Key facts about John A. Bingham, an influential congressman during the American Civil War and Reconstruction eras, who drafted the first section of the Fourteenth Amendment of the United States Constitution.
- John Armor Bingham
- January 21, 1815
- Mercer, Pennsylvania
- Hugh and Ester (Bailey) Bingham
- Franklin College (2 years)
- Military officer
- U.S. Congressman
- Major (USVA)
- United States Minister to Japan
- Amanda Bingham (1844)
Place of Death:
- Cadiz, Ohio
Date of Death:
- March 19, 1900
Place of Burial:
- Union Cemetery in Cadiz, Ohio
- John Bingham’s mother died when he was twelve years old and for unknown reasons, the boy moved to Cadiz, Ohio to live with his uncle, Thomas Bingham.
- During his youth, John Bingham served as a printer’s apprentice for the Luminary, an Anti-Masonic newspaper in Mercer, Pennsylvania.
- John Bingham attended Mercer Academy and then Franklin College in New Athens, Ohio, for two years.
- John Bingham studied law under two prominent Pennsylvania lawyers, John J. Pierson and William Stuart.
- John Bingham was admitted to the bar in Ohio on October 14, 1841.
- In 1844, John Bingham married his first cousin, Thomas Bingham’s daughter Amanda Bingham.
- Their marriage lasted forty-seven years until Mrs. Bingham’s death in 1891, and it produced three children.
- While living in Cadiz, Ohio, John Bingham became active in politics as a member of the Whig Party.
- In 1846, Tuscarawas County voters elected John Bingham to the office of prosecuting attorney, a position he held until 1849.
- In 1854, voters from Ohio’s Twenty-first Congressional District elected John Bingham to the United States House of Representatives. Reelected to three more successive terms, Bingham served in the Thirty-fourth through the Thirty-seventh Congresses from March 1857 to March 1863.
- During his early years in Congress, John Bingham consistently supported anti-slavery legislation.
- During the Civil War, John Bingham staunchly defended the Union cause and drifted toward the Radical element of the Republican Party.

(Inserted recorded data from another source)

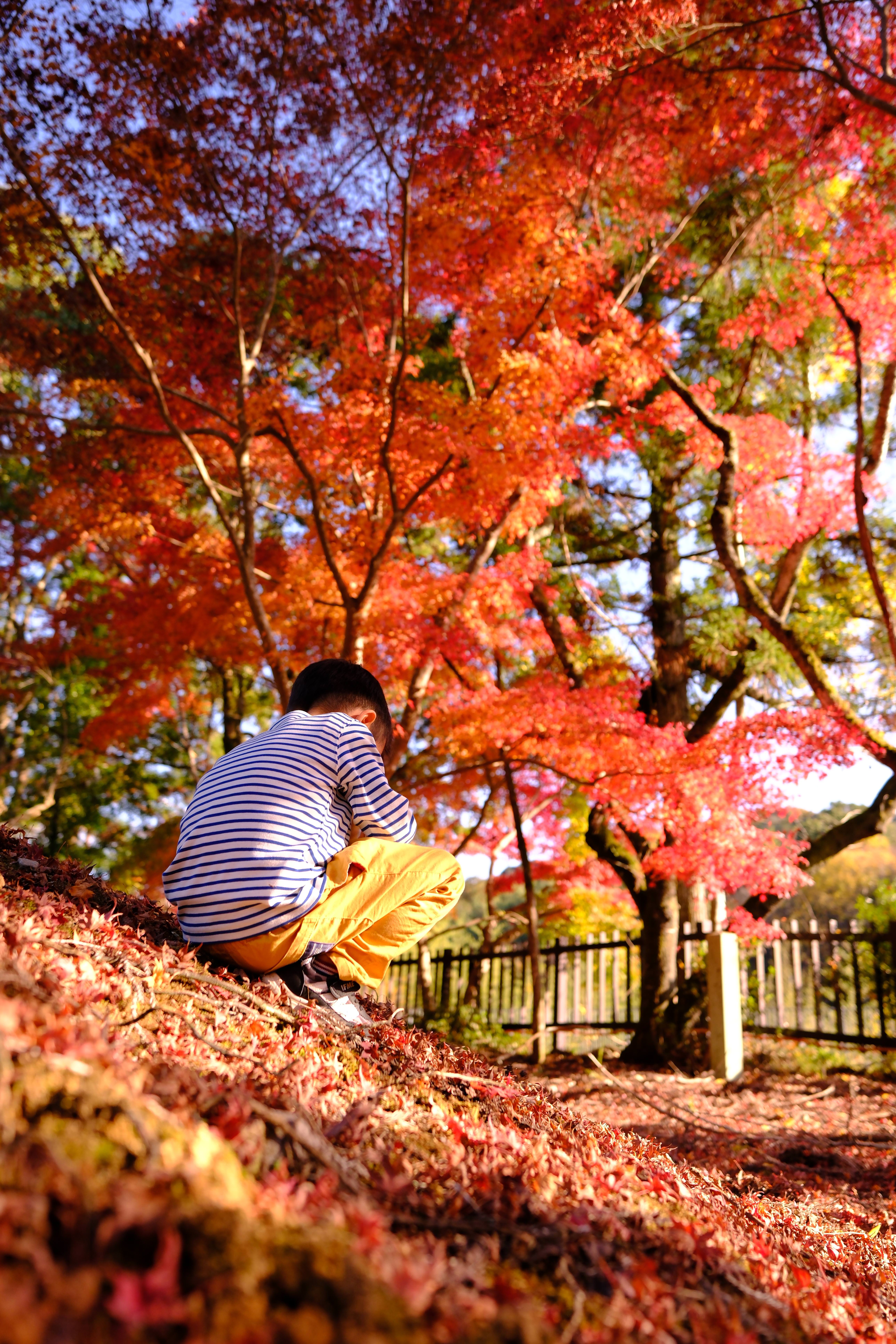 落ち葉も紅葉もとても見事だったのですが、息子は目もくれず虫を探していました。
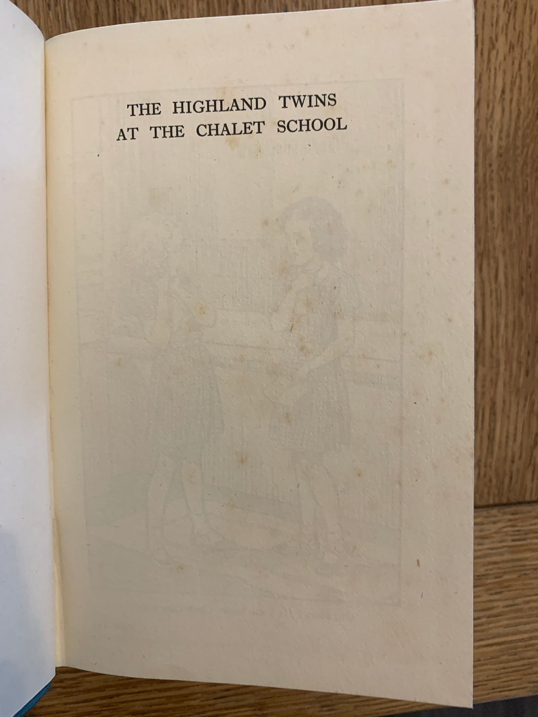 'The Highland Twins at the Chalet School' by Elinor M. Brent Dyer. Illustrated by Nina K. Brisley. Published by Chambers. 1942. UK 1st edition.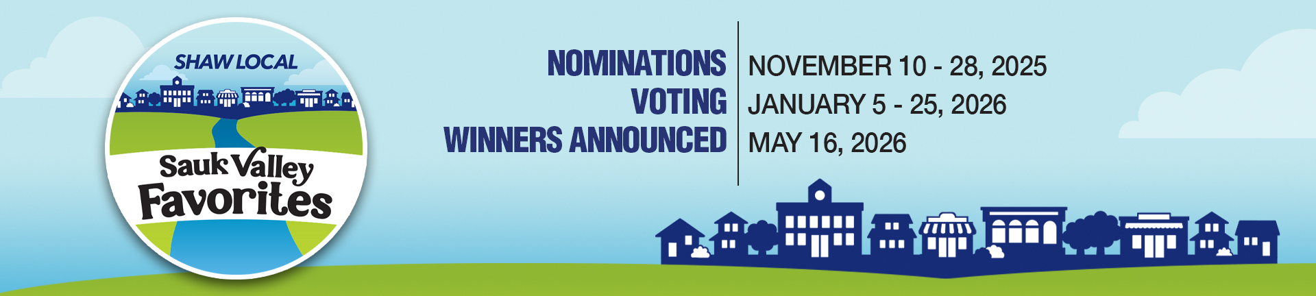 Nominations for Sauk Valley Favorites are officially closed. Voting for the top five in each category will begin January 5 and run through January 25. Stay tuned to see if your favorites made it to the next round. Help us celebrate the wonderful people and places in our community by casting your vote on January 5!

- Joseph W. White defeated John Bingham in his bid to return to Congress in the 1862 elections.
- In 1864, President Abraham Lincoln appointed John Bingham as a major in the Union Army, where he served briefly as a judge advocate.
- In 1864, John Bingham defeated incumbent Democratic Representative Joseph W. White in the fall Congressional elections.
- John Bingham represented Ohio’s Sixteenth Congressional District in the Fortieth through Forty-second Congresses from March 1865 to March 1873.
- In 1865, Secretary of War Edwin Stanton appointed John Bingham to serve on the government’s three-person team that prosecuted assassin John Wilkes Booth’s co-conspirators.
- During John Bingham’s second tenure in Congress, he generally aligned himself with Moderate Republicans over issues regarding Reconstruction.
- In December 1865, Republican leaders selected John Bingham as one of nine Congressmen to represent the House of Representatives on the influential Joint Committee on Reconstruction.
- On Friday, January 12, 1866, John Bingham introduced a proposal that the U.S. Constitution be amended to establish that “The Congress shall have the power to make all laws necessary and proper to secure to all persons in every state within this Union equal protection in their rights of life, liberty and property.” Bingham’s proposal subsequently became the basis for the first section of the Fourteenth Amendment.
- John Bingham opposed early efforts by Radical Republicans, to impeach President Andrew Johnson.
- On February 24, 1868, John Bingham voted with the majority of Republicans in the House of Representatives to impeach the President Andrew Johnson.
- John Bingham served on the committee of seven members of the U.S. House of Representatives that drafted formal impeachment charges against President Andrew Johnson.
- On March 2, 1868, members of the U.S. House of Representatives selected John Bingham as one of seven “managers to conduct the impeachment against Andrew Johnson, President of the United States, on the part of the House.”
- John Bingham supported enactment of the Fifteenth Amendment.
- In the November 1872 election, Republican candidate Lorenzo Danford unseated John Bingham in his bid to continue to represent Ohio’s Sixteenth District in Congress.
- John Bingham served as United States Minister to Japan from May 31, 1873 until July 2, 1885, when he was recalled by newly-elected Democratic President Grover Cleveland.
- When John Bingham’s health began to fail in 1898, Congress granted him a pension for his military service during the Civil War.
- In 1901, the citizens of Harrison County, Ohio erected a bronze statue honoring John Bingham in Cadiz, Ohio.